Grigsby stiffened. “Funding her college education? What do you mean?”
“Hearsay, Judge, sorry. Her mother found thousands of dollars in Annie’s lingerie drawer—it was one of the things they fought about. Supposedly fought about. Annie told her mother that Sol Mandel gave her the money to help her get to college. Allegedly.”
“I hope you’re not suggesting any impropriety. Sol Mandel was a fine lawyer. We golfed together at Harborside many times. Many times.”

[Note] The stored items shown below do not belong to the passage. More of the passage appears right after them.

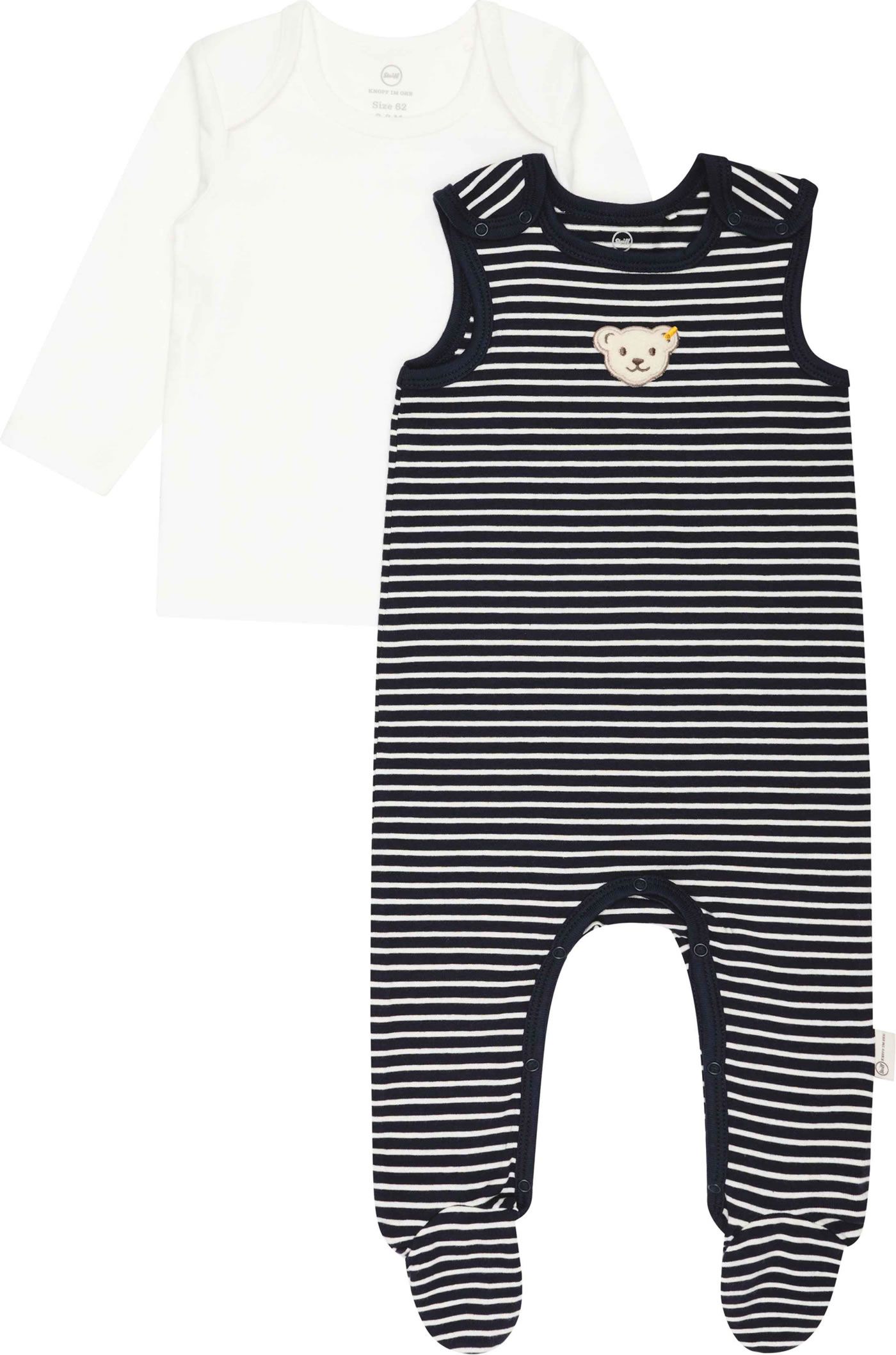Set aus Strampler mit Füßen und Langarmshirt aus der Baby Wellness-Kollektion von STEIFF. Der gestreifte Strampler und das Shirt mit Schlupfkragen sind aus weichem Jersey. Druckknöpfe auf den Schultern und im Schritt erleichtern das An- und Ausziehen. Der kleine STEIFF Bär ziert die Vorderseite und das Material aus ökologischer Baumwolle bietet einen hohen Tragekomfort.
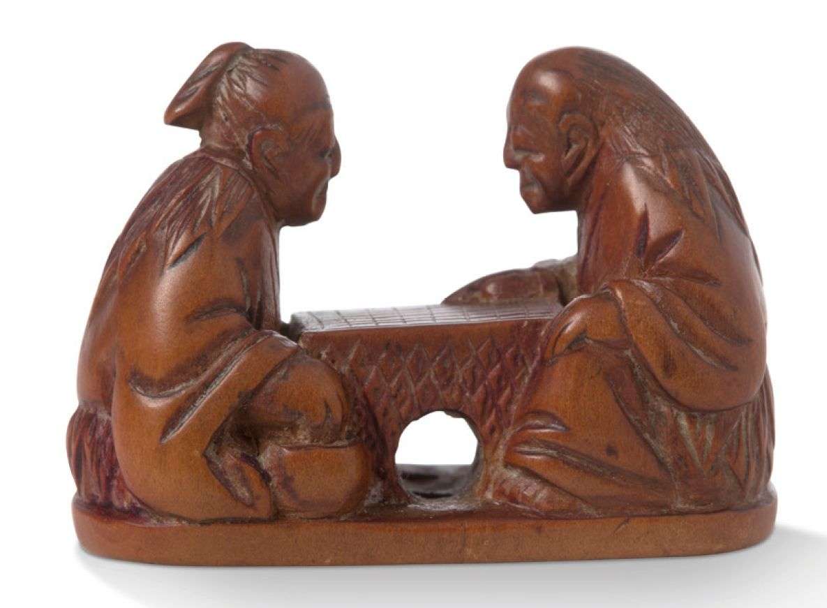 Netsuke en buis, représentant deux Sennin assis face à face, jouant une partie de go.
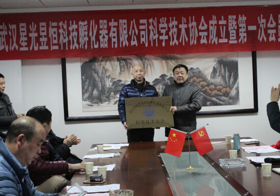 在成立大会上,宋卫华部长宣读了市科协《关于同意成立武汉昱恒科技孵化器有限公司科学技术协会的批复》;选举产生了武汉星光九鼎投资有限公司董事长韩守彪为主席的新一届科协领导机构;市科协陈光勇副主席为新成立的科协组织授牌并讲话,他强调:企业科协组织成立后,要深入开展“讲、比”活动,提升创新创造能力;要大力开展学术交流活动,激发科技人员的活力;要广泛开展科普宣传活动,提升员工科学素质;要建好科技工作者之家,搞好科技服务保障。
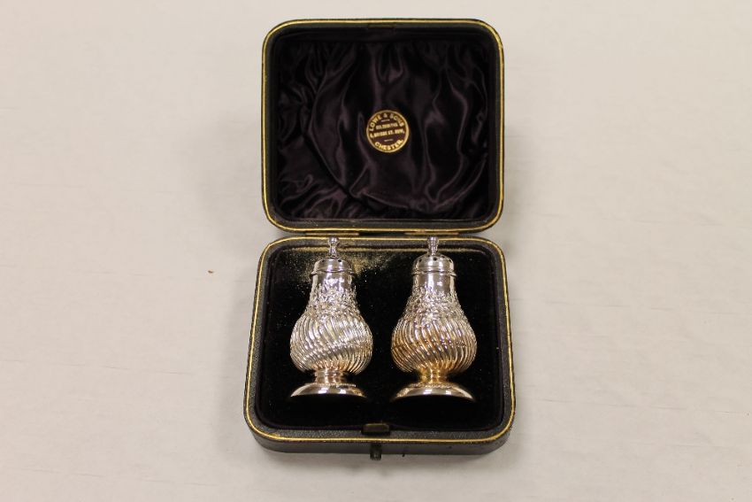 A pair of silver pepper pots, Birmingham 1891, cased. CONDITION REPORT: Good condition.
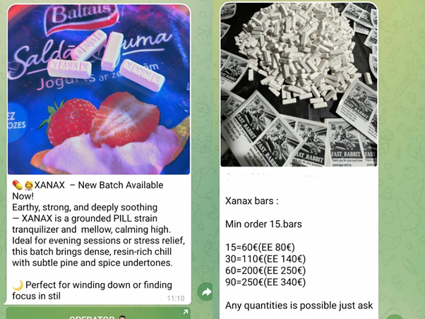 Tomēr varēja atrast arī divus “veikalus”, kas tirgo “Xanax” tabletes. Aptiekās 30 tablešu iepakojums maksā ap 10 eiro, bet “Telegram” – par simts eiro vairāk. Vienā “Telegram” grupā minimālais pasūtījums ir 15 tabletes, otrā – par 30 eiro var nopirkt piecas tabletes.
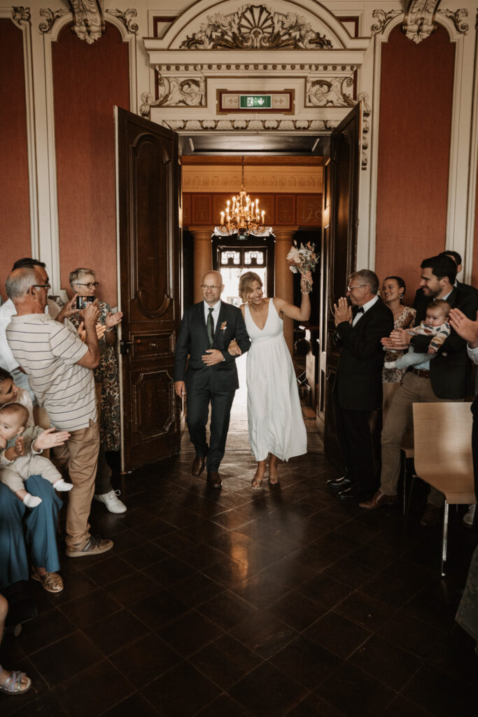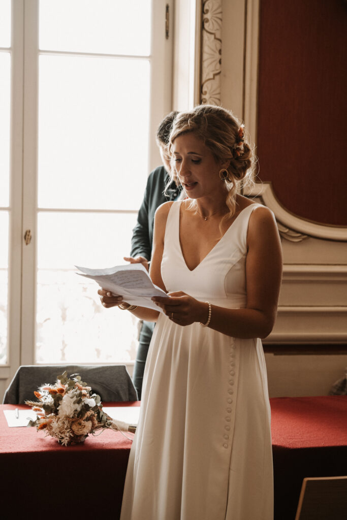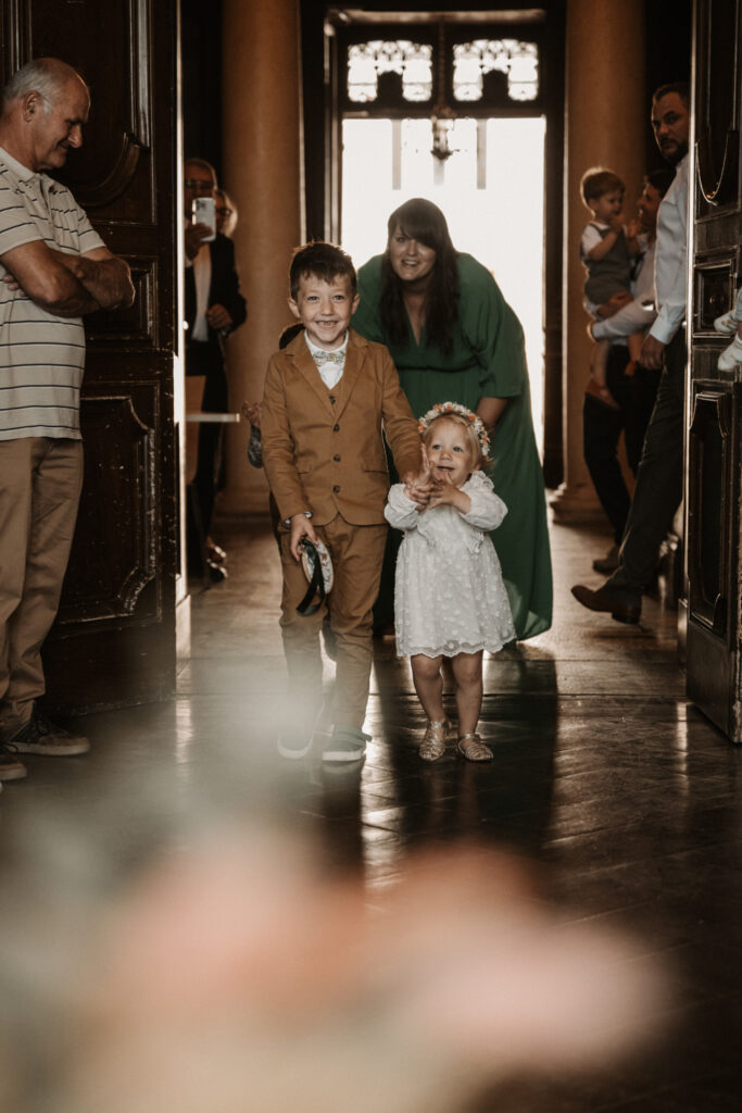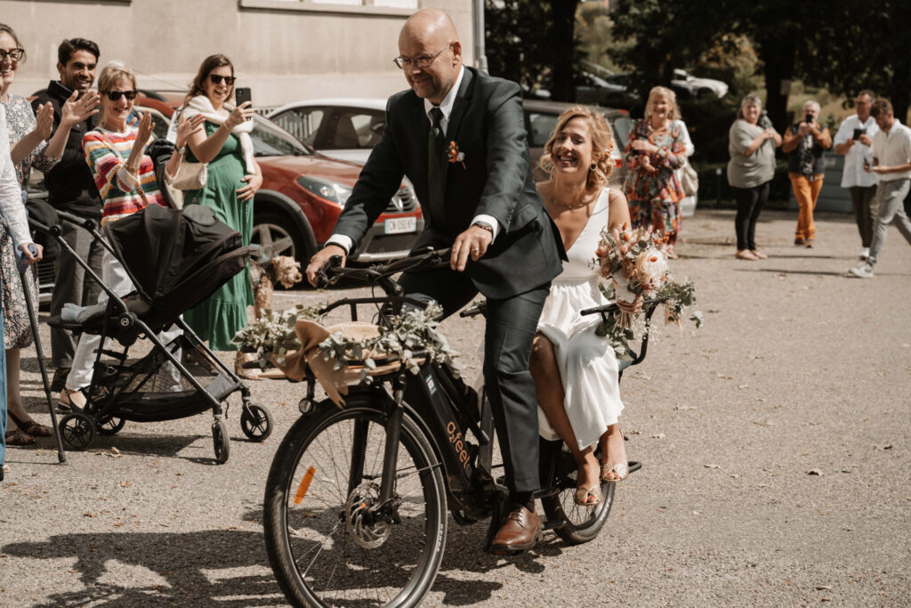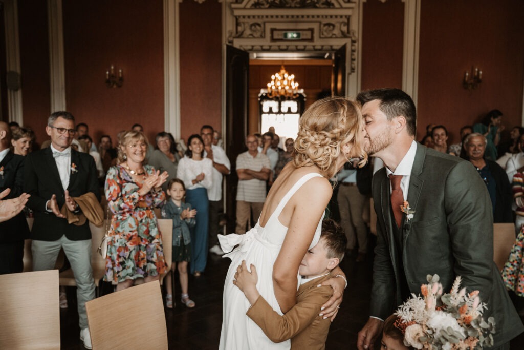 After getting ready, Mathilde and Stéphane headed to the town hall for their civil ceremony — but not in a traditional way. They chose an original approach by cycling to the town hall, accompanied by their three children. Mathilde sat on the back of the bike with her father, sharing a moment of intimacy and connection as they made their way there. It was a deeply personal and unique way to begin their beautiful day.

“No one has suggested anything out of line there, Judge. My mother gave Annie Guzzo piano lessons, and Sol Mandel probably saw the same qualities in her my mother did—ambitious, hardworking, wanting a chance to live a life away from South Chicago. The neighborhood gets a bad rap, like Back of the Yards used to, but there are plenty of decent people who want to help kids. Rory Scanlon, for instance. He made important connections for my cousin when Boom-Boom was starting out, and from what I hear, he’s still doing it for kids today.”
“Scanlon is still active?” The question was casual, but Grigsby eyed me closely, again using his coffee cup as cover.
“He’s apparently still working with kids and sports.”
“You’re an investigator, right?” Grigsby added. “Is someone paying you to poke around in this old case?”
Definitely a C student, if it had taken him this long to think up that question. I smiled again. “It’s such an odd case that people keep raising questions about it. During the trial, did Joel ever try to suggest Stella had been framed?”
“Every criminal defendant claims they’ve been framed. If you were with the County Criminal Defender’s office, you know that.”
I laughed, hoping he would think I was on his side. “Five million people in Cook County, but only three stories: ‘I wasn’t there,’ ‘I was set up,’ ‘It was a Vice Lord.’ But Stella is pointing a finger straight at Boom-Boom. I’m sure you’d remember if she suggested that at the trial. He was big news at the time.”
“She was convicted of a very heinous crime,” Grigsby said in his sternest courtroom voice. “She did her time. My best advice to you is to leave the trial alone. No good can come of scratching those old sores after all these years.”
“I don’t disagree, Judge, but, as I said, people keep coming to me with odd questions. Just yesterday, someone told me that Stella had been told she’d get an early release, despite the length of the sentence. Who would have made a promise like that?”